Portuguese Deidentification Models

This is the 6th supported language for deidentification (English, German, Spanish, Italian, French and Portuguese). This version includes two Portuguese deidentification models to mask or obfuscate Protected Health Information in the Portuguese language. The models are the following:

ner_deid_generic: extracts Name, Profession, Age, Date, Contact (Telephone numbers, Email addresses), Location (Address, City, Postal code, Hospital Name, Organization), ID (Social Security numbers, Medical record numbers) and Sex entities.

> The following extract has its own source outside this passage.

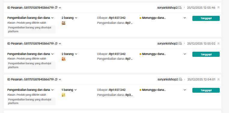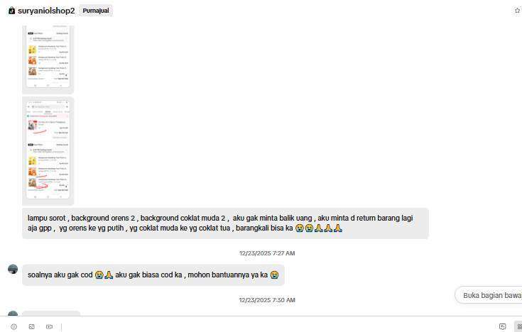 Setelah barang diterima, pembeli kemudian mengajukan pengembalian dengan alasan “produk yang dikirim salah”. Hal ini bertentangan dengan pernyataan pembeli sebelumnya yang mengakui bahwa kesalahan terjadi karena kekeliruan saat melakukan checkout quantity.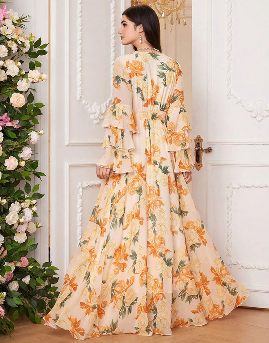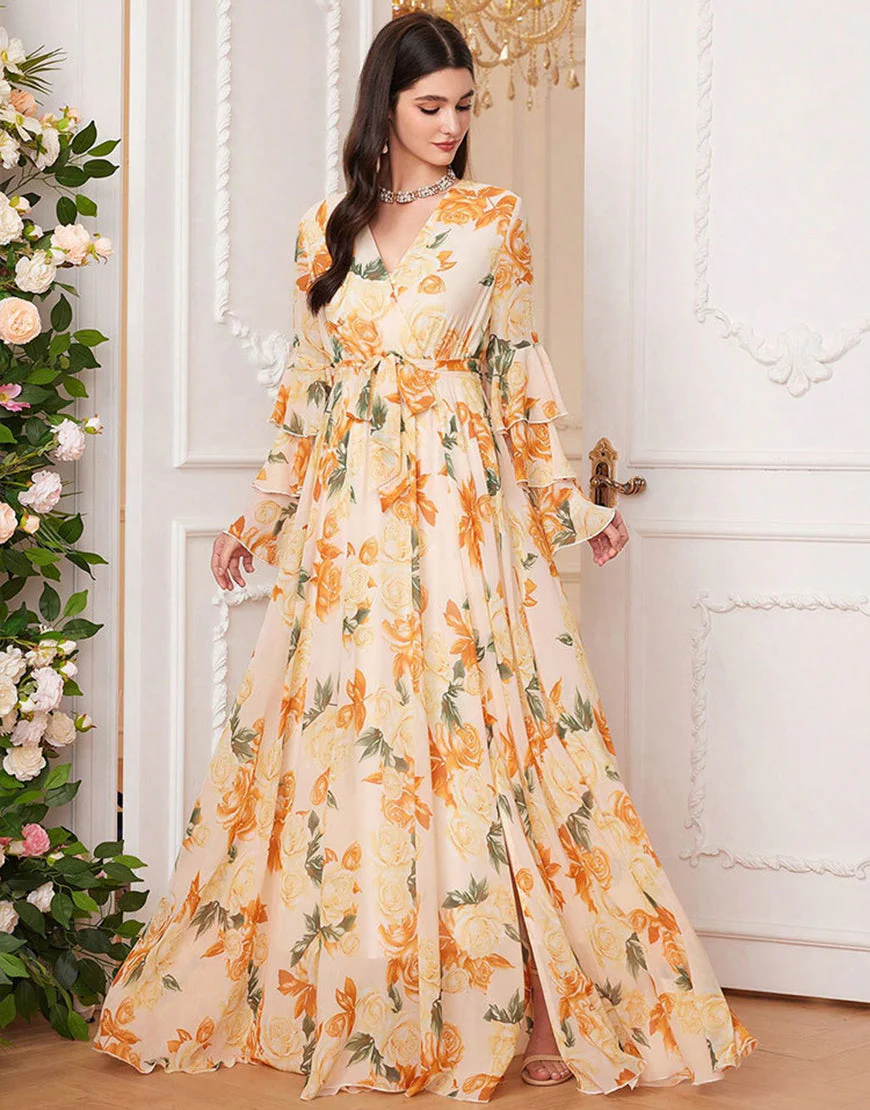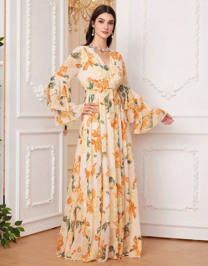 Design: En tant qu’expert de la mode, nous vous présentons notre robe de bal jaune à volants, avec une coupe trapèze flatteuse, un élégant col en V et des manches longues pour une touche de sophistication. Longue au sol et imprimée d’un motif floral, cette robe est parfaite pour les occasions spéciales. Complétée par une ceinture pour souligner votre taille, elle vous permettra de rayonner avec élégance.

See Model Hub Page for details.
ner_deid_subentity: Patient (name), Hospital (name), Date, Organization, City, ID, Street, Sex, Email, ZIP, Profession, Phone, Country, Doctor (name) and Age

See Model Hub Page for details.

You will use the w2v_cc_300d Portuguese Embeddings with these models. The pipeline should look as follows:

...
word_embeddings = WordEmbeddingsModel.pretrained("w2v_cc_300d", "pt")\
    .setInputCols(["sentence","token"])\
    .setOutputCol("embeddings")

ner_subentity = MedicalNerModel.pretrained("ner_deid_subentity", "pt", "clinical/models")\    
    .setInputCols(["sentence","token","embeddings"])\
    .setOutputCol("ner_deid_subentity")

ner_converter_subentity = NerConverter()\
    .setInputCols(["sentence","token","ner_deid_subentity"])\
    .setOutputCol("ner_chunk_subentity")

ner_generic = MedicalNerModel.pretrained("ner_deid_generic", "pt", "clinical/models")\    
    .setInputCols(["sentence","token","embeddings"])\
    .setOutputCol("ner_deid_generic")

ner_converter_generic = NerConverter()\
    .setInputCols(["sentence","token","ner_deid_generic"])\
    .setOutputCol("ner_chunk_generic")

nlpPipeline = Pipeline(stages=[
      documentAssembler,
      sentencerDL,
      tokenizer,
      word_embeddings,
      ner_subentity,
      ner_converter_subentity,
      ner_generic,
      ner_converter_generic,
      ])

text = """Detalhes do paciente.
Nome do paciente:  Pedro Gonçalves
NHC: 2569870.
Endereço: Rua Das Flores 23.
Código Postal: 21754-987.
Dados de cuidados.
Data de nascimento: 10/10/1963.
Idade: 53 anos
Data de admissão: 17/06/2016.
Doutora: Maria Santos"""

data = spark.createDataFrame([[text]]).toDF("text")
results = nlpPipeline.fit(data).transform(data)

Results:

+-----------------+-------------------------------------+
|chunk            |ner_generic_label|ner_subentity_label|
+-----------------+-------------------------------------+
|Pedro Gonçalves  |      NAME       |      PATIENT      |
|2569870          |      ID         |      ID           |
|Rua Das Flores 23|      LOCATION   |      STREET       |
|21754-987        |      LOCATION   |      ZIP          |
|10/10/1963       |      DATE       |      DATE         |
|53               |      AGE        |      AGE          |
|17/06/2016       |      DATE       |      DATE         |
|Maria Santos     |      NAME       |      DOCTOR       |
+-----------------+-------------------------------------+

We also include a Clinical Deidentification Pipeline for Portuguese that uses ner_deid_subentity NER model and also several ContextualParsers for rule based contextual Named Entity Recognition tasks. It’s available to be used as follows:

from sparknlp.pretrained import PretrainedPipeline

deid_pipeline = PretrainedPipeline("clinical_deidentification", "pt", "clinical/models")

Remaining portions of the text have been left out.